3rd Amendment: The Constitution Amendment Act, 1954

Earlier the control of essential commodities was a subject of state list. But by this amendment, the control of production, supply, and distribution of certain essential cmmodities was given to the parliament as well by amending Entry 33 of the Concurrent list. These essential commodities were foodstuffs, cattle fodder, raw cotton, raw jute.

4th Amendment: The Constitution Amendment Act, 1955

It amended Article 31(2) thereby providing that the adequacy of compensation for acquisition is non justiciable and added certain laws to ninth Schedule.

5th Amendment: The Constitution Amendment Act,1955

According to proviso to Article 3 of Indian Constitution, the President has to refer the bill regarding alteration of name, area, boundary of a state to the legislature of that state for recommendation.
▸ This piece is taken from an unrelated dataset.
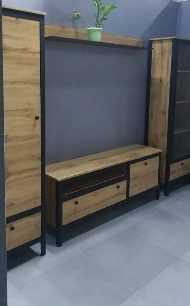 Сначала долго сомневалась, оформлять покупку или нет. Ведь комплект для гостиной выполнен в современном стиле. Поверхность имитирует фактуру дерева и при этом окрашена в два совершенно разных цвета — коричневый и серый. А мне хотелось что-то более привычное, например, коричневое. Но на фото мебель смотрелась так интересно и необычно, что я все таки решилась купить. Честно, уже неделю радуюсь покупке! Классная она.

But there was no time limit prescribed in which the concerned state must give its views.

So, this amendment re enacted proviso to Article 3 and enabled the president to prescribe the time limit in which the state has to reply and the President may extend this time limit.

6th Amendment: The Constitution Amendment Act, 1955

  • This amendment made taxation of inter – State sales, a Union subject by adding Entry 92 A to list I.
  • It also added Article 269(3) which provides that if a State imposes tax on sale or purchase of a good (which is of special importance) in inter state trade, such law is subjected to any restrictions or conditions as the parliament may provide.

7th Amendment: The Constitution Amendment Act, 1956

  • Earlier Indian States were classified into Part A, Part B and Part C.

This amendment amended Article 1 and Schedule first and Fourth of the Constitution, thus abolishing the three fold classification. Part A and B states were grouped together as States with same footing and Part C became our Union territories.

  • It added Article 258 A, 290A, 350A, 350B. 372A, 378 A.

8th Amendment: The Constitution Amendment Act, 1959

It extended the period of reservation of seats in legislature for SCs, STs and Anglo Indians from 10 to 20 years.

9th Amendment: The Constitution Amendment Act, 1960

It amended the first Schedule of the Constitution to give effect to three Indo- Pakistan Agreements[2] which settled the boundary disputes in the States of Assam, Punjab, West Bengal, and the Union Territory of Tripura.

10th Amendment: The Constitution Amendment Act, 1961

Article 240[3] of the Constitution was amended which made Dadra and Nagar Haveli a Union territory and added it to List of Union Territories in the first Schedule.

11th Amendment: The Constitution Amendment Act, 1961

  • It replaced the words members of both houses of parliament assembled at joint sitting by the words members of an electoral college consisting of members of both houses of Parliament in Article 66 which deals with elections of Vice President.
  • It added Clause (4) to Article 71 which provides that there will be no effect of vacancy in the electoral college on the elections of President or Vice President and such elections cannot be called in question on ground of any vacany therein.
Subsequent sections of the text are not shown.